Focusing on glycolysis/gluconeogenesis (Additional file 10), as for the TCA cycle, we found that taxonomic groups that dominate the entire datasets also dominate specific enzyme activities. However again, sections of the pathway can be dominated by specific taxa. For example, aldose 1-epimerase (EC: 5.1.3.3) in the cow rumen and l-lactate dehydrogenase (EC: 1.1.1.27) in kimchi are predominantly expressed by Bacterioidetes and Lactobacillaceae, respectively. Further, even apparently minor taxa appear to provide specific functionality, suggestive of keystone roles within the community. For example, in the mouse intestinal dataset, both alcohol dehydrogenase (EC: 1.1.1.2) and aldose 1-epimerase (EC: 5.1.3.3) are predominantly expressed by Lactobacillaceae despite representing only 1.9 % of putative mRNA reads. As a final example of taxonomic contributions to metabolic functionality, we find that for the mouse intestinal dataset, Bacterioidetes and Gammaproteobacteria tend to dominate aspartate metabolism, while Closteridiales dominate glutamate metabolism (Additional File 11). As for the TCA cycle, while the majority of enzymes are well expressed in the mouse intestinal dataset, for the Kimchi dataset, expressions of genes within these pathways are more heterogeneous. This raises an important caveat, notably that the ability to map reads to the enzymes is dependent on the availability of suitable sequences in the reference databases. Hence, an inability to assign reads to asparagine synthase (EC 6.3.5.4) in the kimchi dataset may be due to the inability of sequence searches to map reads from the orthologous genes in the kimchi microbiome to known examples of this enzyme in the reference database.

Integration of taxonomic and functional annotations provides molecular level insights into the biochemical contributions of individual taxa: II. Protein-protein interaction networks

Beyond metabolic pathways, the provision of protein-protein interaction (PPI) networks offers additional opportunities to explore taxa-specific contributions to biochemical processes.

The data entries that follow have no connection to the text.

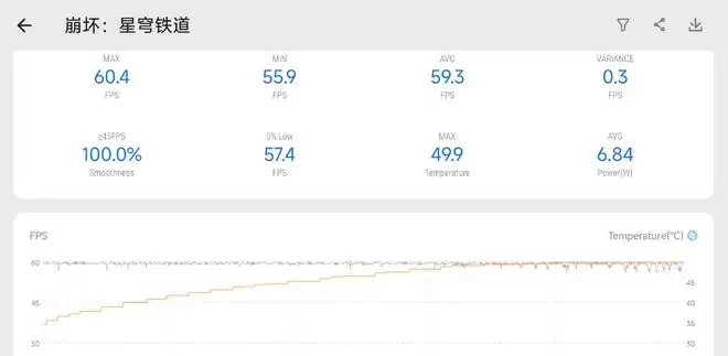 至于目前公认的硬件杀手《崩坏:星穹铁道》,半小时下来也有59.7帧。
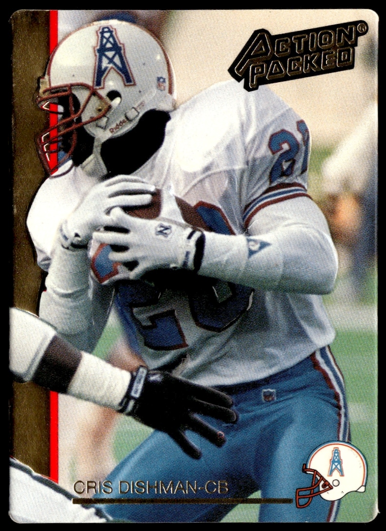 This Football card, from 1992 is part of the Action Packed card set. Cris Dishman is featured and has a card number of 97.
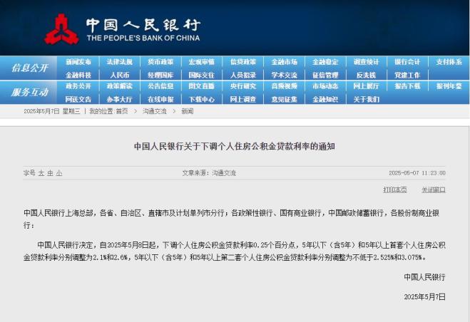 根据调整后的利率,2025年5月8日及以后申请的个人住房公积金贷款将实施。
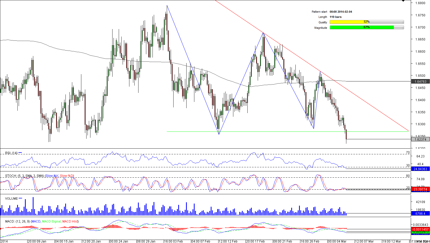 While against the U.S. Dollar the single currency has been appreciating since July, it has been moving sideways against the Kiwi even longer. It was not a surprise that the pair formed a descending triangle on a 4H chart that is likely to be completed soon. Keeping in mind that the outlook is bearish in 64% of the time and the fact bears are already trying to break through the lower boundary, the outlook is bearish. At the same time, vast majority (57%) of Dukascopy traders are holding long positions, expecting a bounce back. A move above pattern's support will make long traders focus on 1.6295, while a close below 1.6267 will suggest bears' intentions to reach a weekly S2 at 1.6113.
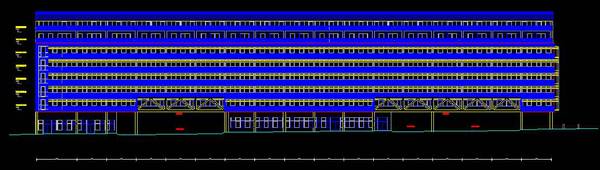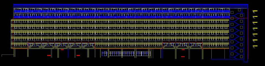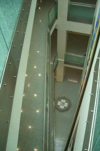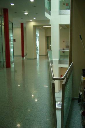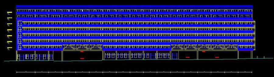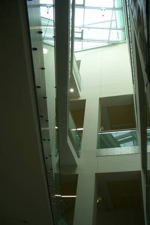 Über den Buseinfahrten befinden sich geschosshohe Fachwerkträger, auf denen die Bürogeschosse aufliegen.
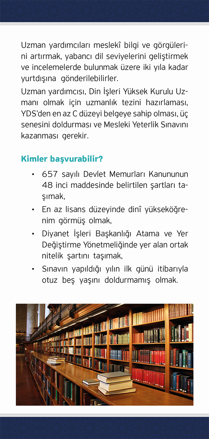Uzman yardımcısı, Din İşleri Yüksek Kurulu Uzmanı olmak için uzmanlık tezini hazırlaması, YDS’den en az C düzeyi belgeye sahip olması, üç senesini doldurması ve Mesleki Yeterlik Sınavını kazanması gerekir.
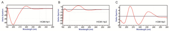 CD spectra of synthetic peptides in membrane-mimicking solution (1.6 mmol/L sodium dodecyl sulfate (SDS), dissolved in 10 mmol/L PBS, pH 7.4): (A) HGM-Hp1; (B) HGM-Hp2; and (C) HGM-Hp3. The peptide concentration was 0.5 mg/mL.

Here, we integrate taxonomic information with a PPI network previously constructed for Escherichia coli [49]. The ABC transporter superfamily is a collection of transporters typically comprised of an extracellular substrate binding subunit, an intracellular ATP-binding subunit and a membrane incorporated permease. Across the different datasets, we see distinct signatures of subunit expression and taxonomic contributions (Fig. 5a). For example, while many members of this family are well expressed in the mouse intestine, expression within the kimchi dataset is largely limited to putrescine-ornithine transport (potA-D), oligopeptide transport (oppA-D and F), ribose transport (rbsB-DK and R) and members or glutamine, histidine and arginine transport (e.g. glnH, glnP, hisP and argT). Similarly, in cow rumen, only a subset of transporters were well represented; these included xylF-H (xylose), malE-GK (maltose) and ugpA-CE (glycerol-3-phosphate).
Fig. 5

Taxonomic contributions to functional modules defined through protein-interaction networks. a ABC transporters and (b) cell wall biogenesis and cell division. Protein interactions were obtained from a previously generated network of functional interactions for E. coli [49]. Pie charts indicate the relative proportion of each taxon, size of pie chart indicates relative expression (see key). c Relative representation of specific functional groups across the four well sampled datasets

In the deep-sea microbiome dataset, many transporter components were associated with alphaproteobacteria, although leucine, isoleucine and valine transport components (livF-HJK and M) were broadly represented across phyla. In the mouse dataset, alphaproteobacteria were also the main contributors of transporters including dipeptide ABC transporter (dppBD), glutathione ABC transporter (yliABC), leucine ABC transporter (LivMF), glycerol-3-phosphate ABC transporter (ugpC) and xlycose ABC transporter (xylFH). xylF was largely represented by clostridiales and ‘other bacteria’ in the cow rumen dataset, suggesting that the contribution of alphaproteobacteria in the mouse data does not reflect annotation bias. The mouse intestine samples also display Gammaproteobacteria and Actinobacteria contributions to transporter components. Finally, the lack of Bacteroidetes representation in transporter components may reflect the reduced complement of these genes previously noted for members of this phylum [50, 51].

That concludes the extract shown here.